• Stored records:
# # # # # # #
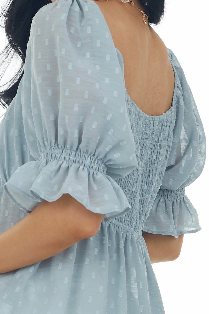 - Slate Blue Swiss Dot Puff Sleeve Babydoll Top
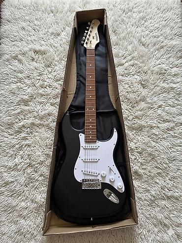 - Корпус: классическая форма Strat, чёрный глянец
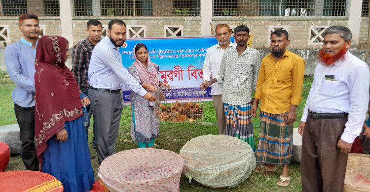 বকশীগঞ্জে প্রাণি সম্পদ উন্নয়ন প্রকল্পের সুফলভোগীদের মাঝে মুরগী বিতরণ
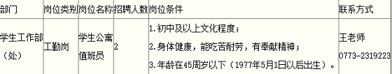 人事處龔老師,0773-2319230;李老師,0773-2208378。
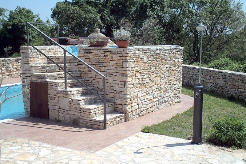 ISZTRIA, JURŠIĆI - Családi kővilla csendes helyen található, csodálatos kilátással az Isztriai-félsziget zöldjére és dombos tájára. Csupán 15 percnyi autóútra a tengertől és az első strandoktól, csodálatos helyen, érintetlen természettel körülvéve, 600 m-es telken épült fel ez a 240 m2 összterületű gyönyörű ház. A földszinten található egy konyha étkezővel és egy nappali, valamint egy hálószoba fürdőszobával és külön WC-vel. A nappaliban van egy nagy erkélyajtó, kilátással és kijárattal a medencére és egy fedett teraszra grillezővel.
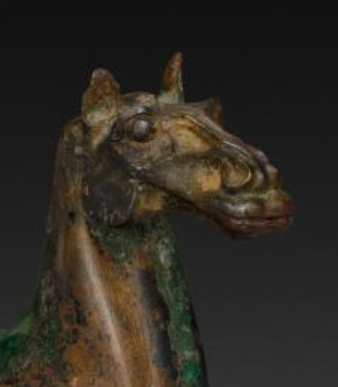 本品规格为6.5 厘米。马呈站立姿态,体态矫健,肌肉线条通过青铜铸造展现,马头昂起,双耳竖立,双目有神,生动呈现骏马的精气神,造型写实又具艺术张力。历经岁月,表面有斑驳绿锈,是时间沉淀的痕迹,增添古朴厚重感,也见证文物历史,不同锈色层次丰富,为其赋予独特沧桑美。
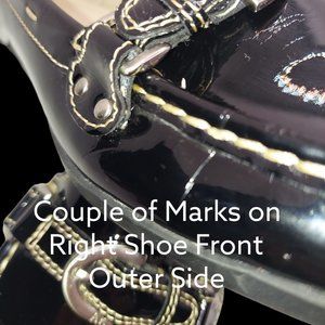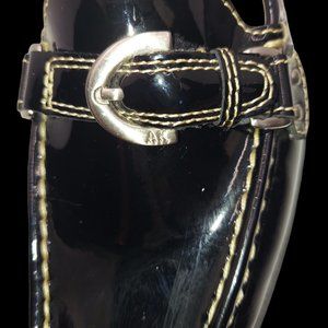 Anne Klein black patent loafer in very good used condition. Minimal wear. This loafer features skid resistant soles, tan stitching around the shoe, and silver buckle on the top.
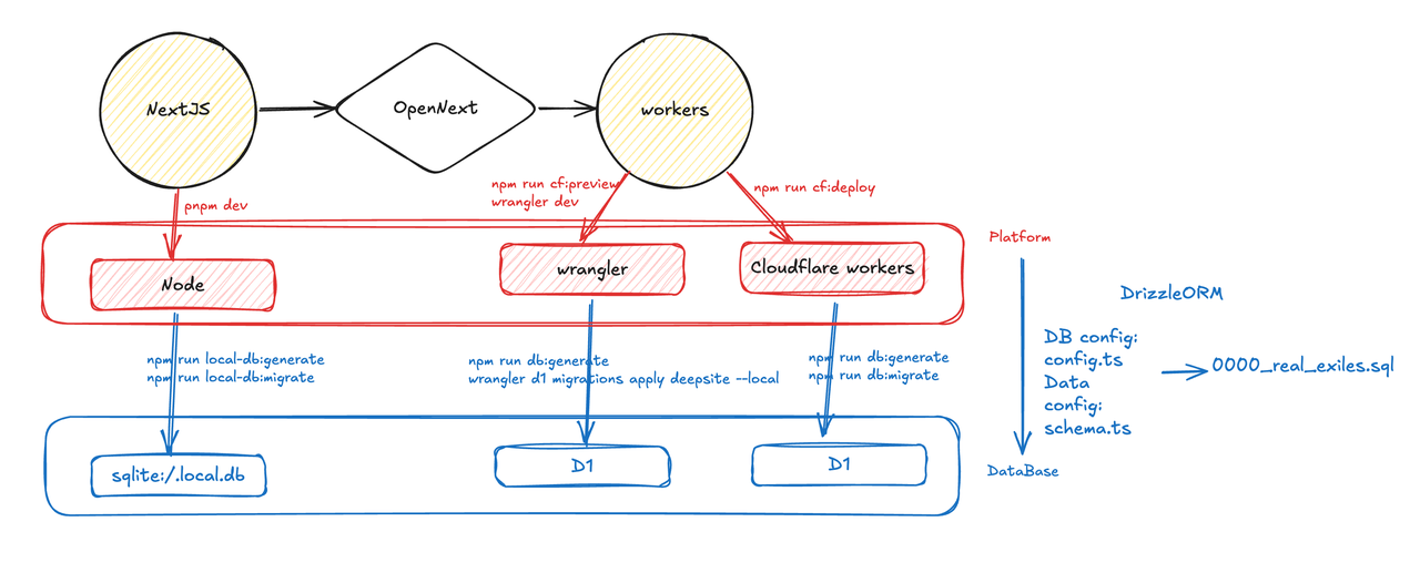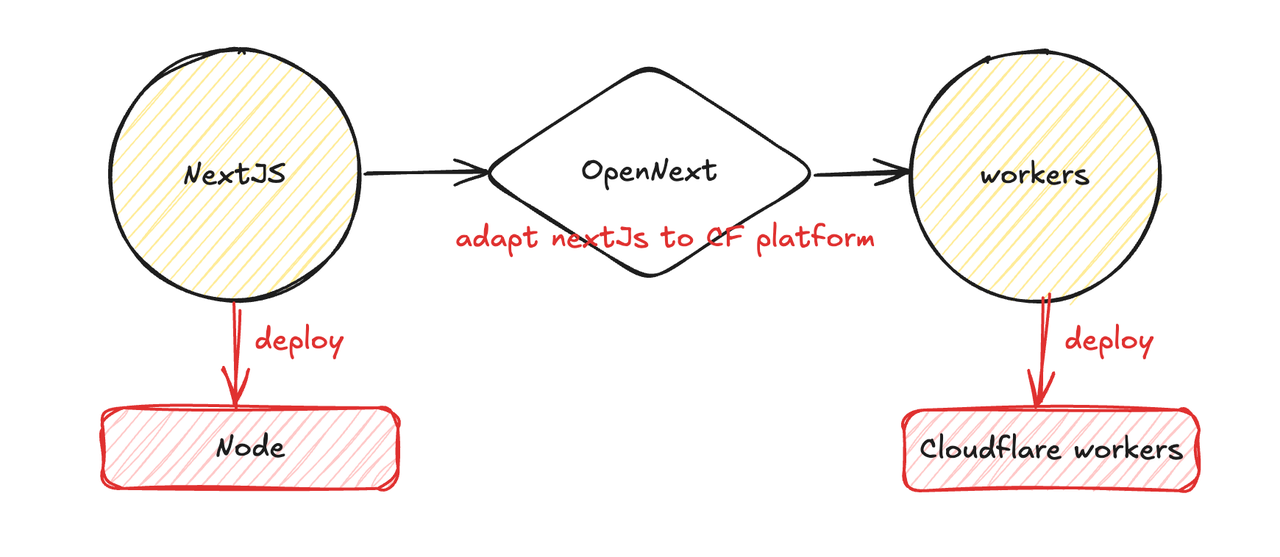 先看一下当前整体的部署方案,项目为了部署到CF pages/workers上,需要使用OpenNext将NextJS生成物转化成CF平台上的。
# # # # # # #
• TASK DIRECTIONS: Every line from the top of the entries through the line that holds "ISZTRIA, JURŠIĆI - Családi" is to be quoted exactly, please, and nothing else; omit the pictures.

• RESPONSE TO THE TASK:
 - Slate Blue Swiss Dot Puff Sleeve Babydoll Top
 - Корпус: классическая форма Strat, чёрный глянец
 বকশীগঞ্জে প্রাণি সম্পদ উন্নয়ন প্রকল্পের সুফলভোগীদের মাঝে মুরগী বিতরণ
 人事處龔老師,0773-2319230;李老師,0773-2208378。
 ISZTRIA, JURŠIĆI - Családi kővilla csendes helyen található, csodálatos kilátással az Isztriai-félsziget zöldjére és dombos tájára. Csupán 15 percnyi autóútra a tengertől és az első strandoktól, csodálatos helyen, érintetlen természettel körülvéve, 600 m-es telken épült fel ez a 240 m2 összterületű gyönyörű ház. A földszinten található egy konyha étkezővel és egy nappali, valamint egy hálószoba fürdőszobával és külön WC-vel. A nappaliban van egy nagy erkélyajtó, kilátással és kijárattal a medencére és egy fedett teraszra grillezővel.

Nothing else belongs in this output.